Questions, questions . . .
New to Mothers’ Milk Bank Northeast? How about the world of milk banking? Or perhaps you’re more bestie than newbie? Whatever the case may be, we’re so glad you’re here. And while we’re not usually the betting type, we’re assuming you have a few questions.
So, if you’ve ever found yourself wondering what the heck a milk bank even is or why it matters, we’d highly recommend giving this one a read. Of course, we may be biased (there’s always a chance, right?) but we promise to answer every one of your most frequently asked questions . . .
What is a milk bank?
A nonprofit milk bank collects milk from mothers who have more than their babies need. Mothers who wish to donate complete a comprehensive health screening, then send their milk to the milk bank. Here it is pasteurized and tested for safety. The milk is subsequently dispensed to premature and sick babies, primarily in hospitals, when a maternal milk supply is not available.
Is using pasteurized donor human milk safe?
The Human Milk Banking Association of North America, or HMBANA, sets the standards and guidelines for donor milk banking in North America. HMBANA certifies and accredits milk banks according to strict, evidence-based guidelines.
Human milk banks are also regulated under the Food and Drug Administration (FDA) and licensed in states that require a tissue license.
Milk donors undergo a health screening, medical history review and blood test under the oversight of medical professionals. Similar to the process of donating blood, safety is our utmost priority.
Why is donor milk pasteurized?
Donor human milk is pasteurized to kill bacteria or viruses in the milk that may cause harm to an already fragile baby. We use the Holder pasteurization method, which retains as many of the components of raw human milk as possible, while inactivating most bacteria and viruses. The process protects babies from blood and food-borne viruses potentially found in breastmilk, as well as infections such as Group B streptococcal infection.

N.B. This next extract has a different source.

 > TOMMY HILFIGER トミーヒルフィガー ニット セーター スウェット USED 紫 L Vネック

Does pasteurization get rid of some of the “good” components of breastmilk?
It does. But studies suggest that approximately 70% of the antibodies, all of the oligosaccharides (milk sugars that feed organisms in the digestive tract), and bioactive components like the enzyme lysozyme are all retained.
A biological parent’s unprocessed milk is the optimal choice for a fragile infant’s health. When that’s not available the choice of a food with many of the bioactive components of breastmilk is still superior to formula, which has none. Since the majority of our recipients are premature or medically compromised infants in neonatal intensive care units (NICUs), the more support we can offer their developing immune systems the better!
Who gets the milk?
Once milk is pasteurized and tested, it is primarily sent to hospitals. Many NICU and well-baby units offer donor human milk for their inpatients. For full term healthy babies, donor milk is primarily used as a “bridge” to breastfeeding for parents who are choosing to breastfeed but require some supplementation as maternal milk supply is developing.

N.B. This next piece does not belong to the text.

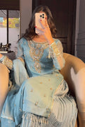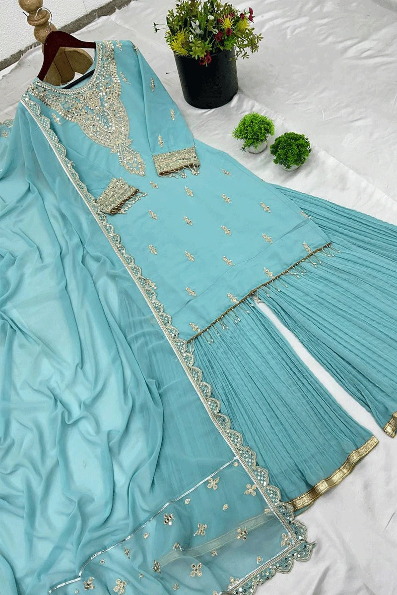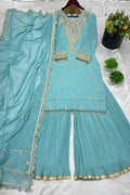 Sky Blue Color Sharara Suit Pair With Dupatta For Wedding

Can’t the babies have formula?
For very low birth weight preterm infants, human milk is the safest food source. An exclusive human milk diet helps prevent many of the most fatal complications, including necrotizing enterocolitis (NEC). For full-term infants, donor human milk can be a supplement to mom’s own milk when milk supply is still being established.
The American Academy of Pediatrics, American College of Obstetricians and Gynecologists, World Health Organization and National Association of Neonatal Nurses all endorse the use of donor human milk in instances when a parent’s own milk is unavailable or insufficient to meet the needs of the baby temporarily. Donor milk is not available in sufficient quantities to be a long-term feeding plan for a healthy baby.
Why does being nonprofit matter?
For-profit companies are mandated to make a profit for their investors and stockholders. Nonprofit organizations are mandated to serve their mission and reinvest excess revenue into serving their mission.
HMBANA member milk banks are committed to ensuring that all babies in need have access to human milk. This includes mothers’ own milk and safe, pasteurized donor milk if a parent’s is unavailable. To this end, we work with many stakeholders (communities, hospitals, medical providers, legislators, government agencies, and insurance carriers) to ensure equitable access to breastfeeding support, education, and donor milk when needed. HMBANA has a triage system that commits us to prioritize the neediest babies – not profit.
If you are nonprofit, shouldn’t your milk be free?
Many nonprofits charge for their services in order to cover costs and remain in operation. This includes hospitals and universities. Processing pasteurized donor human milk requires highly trained staff to reach out to and screen donors. Staff must also safely pasteurize, test, and distribute the milk. Other requirements include equipment, space, shipping, and administration.
Do you pay your milk donors?
Nonprofit HMBANA milk banks do not pay milk donors; donors are volunteers. Research and history have shown that paying donors adds risks both to the milk recipient and to the baby whose milk is sold. This is a complicated medical and ethical issue that has long been debated and regulated. Today, the discussion is ongoing.
I don’t have milk to donate, but I’d like to help. What can I do?
The short answer? There’s so much to do – always! And we’d love to have your help! We have a dedicated group of volunteers that help with various tasks. We also accept financial donations to help support our work and expand access to lifesaving donor human milk. You may also consider sharing your story if you donated or received milk – we love hearing from our community!